# ABOUT THIS TASK
Beginning at the line that contains "大石が旭のヒザの上からジャン" and finishing at the line that contains "Description : Upgrade", output the data below exactly. Include both end lines and no pictures.

# MATERIAL FOR THIS EXERCISE
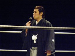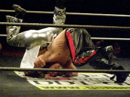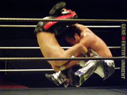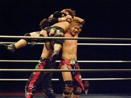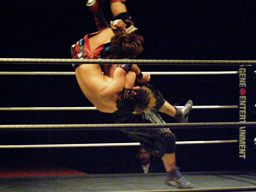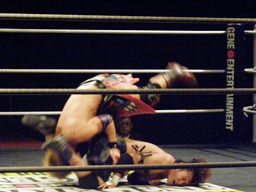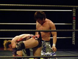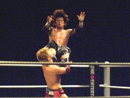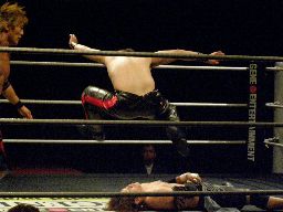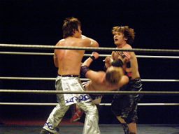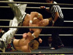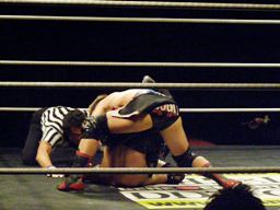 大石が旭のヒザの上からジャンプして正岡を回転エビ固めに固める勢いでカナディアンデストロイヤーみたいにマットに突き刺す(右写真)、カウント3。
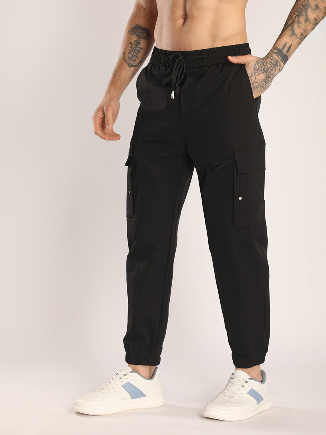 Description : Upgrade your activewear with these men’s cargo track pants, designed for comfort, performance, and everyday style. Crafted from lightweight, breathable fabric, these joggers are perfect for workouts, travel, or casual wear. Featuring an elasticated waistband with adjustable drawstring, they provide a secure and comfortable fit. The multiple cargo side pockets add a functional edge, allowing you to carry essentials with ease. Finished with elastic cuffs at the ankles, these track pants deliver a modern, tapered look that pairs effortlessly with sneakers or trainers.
* * *
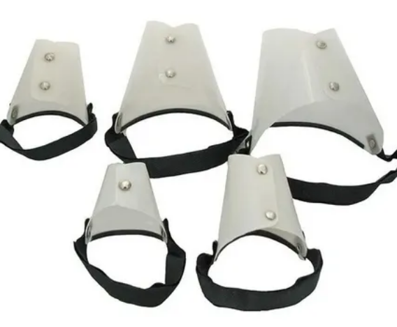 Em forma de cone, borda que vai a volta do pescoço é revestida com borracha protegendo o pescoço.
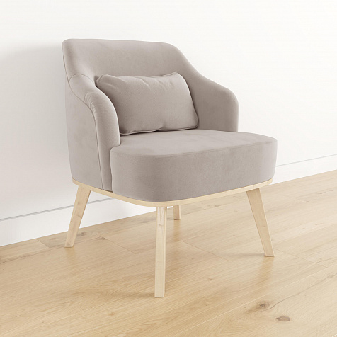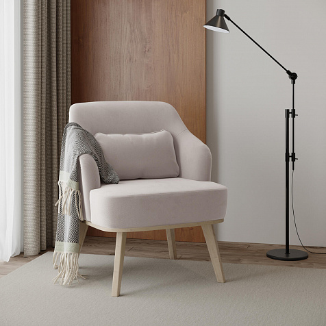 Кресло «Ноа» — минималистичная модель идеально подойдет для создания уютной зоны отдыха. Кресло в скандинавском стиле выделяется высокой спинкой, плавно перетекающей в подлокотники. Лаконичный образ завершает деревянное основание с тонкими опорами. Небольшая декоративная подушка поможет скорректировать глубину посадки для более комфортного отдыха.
...
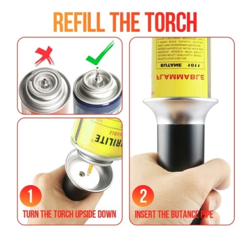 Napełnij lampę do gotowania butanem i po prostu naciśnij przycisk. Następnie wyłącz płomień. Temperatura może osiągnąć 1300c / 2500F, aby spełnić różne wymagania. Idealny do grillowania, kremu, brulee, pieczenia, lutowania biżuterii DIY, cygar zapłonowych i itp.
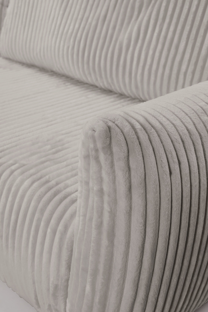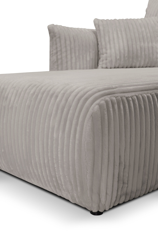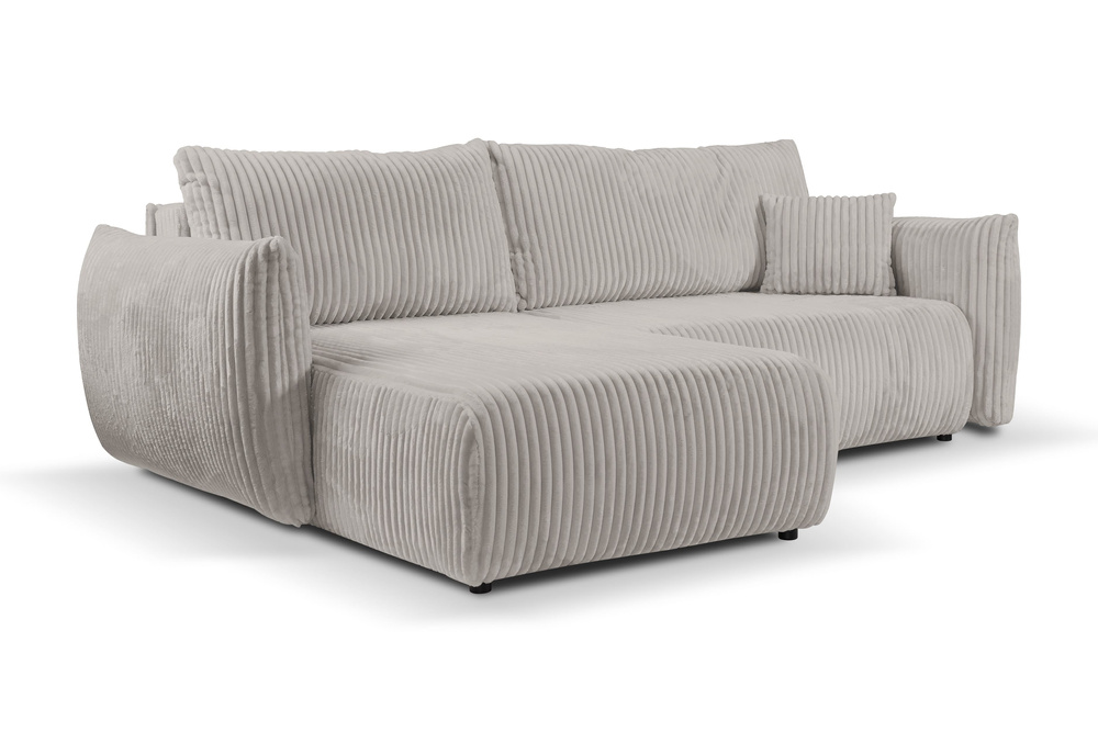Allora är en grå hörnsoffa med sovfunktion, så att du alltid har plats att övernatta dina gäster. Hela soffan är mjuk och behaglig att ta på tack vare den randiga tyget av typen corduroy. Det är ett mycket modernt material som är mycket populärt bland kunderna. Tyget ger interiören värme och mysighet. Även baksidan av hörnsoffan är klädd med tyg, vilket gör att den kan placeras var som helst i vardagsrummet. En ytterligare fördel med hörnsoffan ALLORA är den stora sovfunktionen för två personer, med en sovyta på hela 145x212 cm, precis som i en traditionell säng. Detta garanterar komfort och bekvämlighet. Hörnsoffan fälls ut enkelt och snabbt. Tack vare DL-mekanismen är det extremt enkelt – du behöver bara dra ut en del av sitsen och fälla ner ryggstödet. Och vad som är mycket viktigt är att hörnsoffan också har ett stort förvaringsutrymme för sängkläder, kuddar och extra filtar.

# TASK ANSWER
 大石が旭のヒザの上からジャンプして正岡を回転エビ固めに固める勢いでカナディアンデストロイヤーみたいにマットに突き刺す(右写真)、カウント3。
 Description : Upgrade your activewear with these men’s cargo track pants, designed for comfort, performance, and everyday style. Crafted from lightweight, breathable fabric, these joggers are perfect for workouts, travel, or casual wear. Featuring an elasticated waistband with adjustable drawstring, they provide a secure and comfortable fit. The multiple cargo side pockets add a functional edge, allowing you to carry essentials with ease. Finished with elastic cuffs at the ankles, these track pants deliver a modern, tapered look that pairs effortlessly with sneakers or trainers.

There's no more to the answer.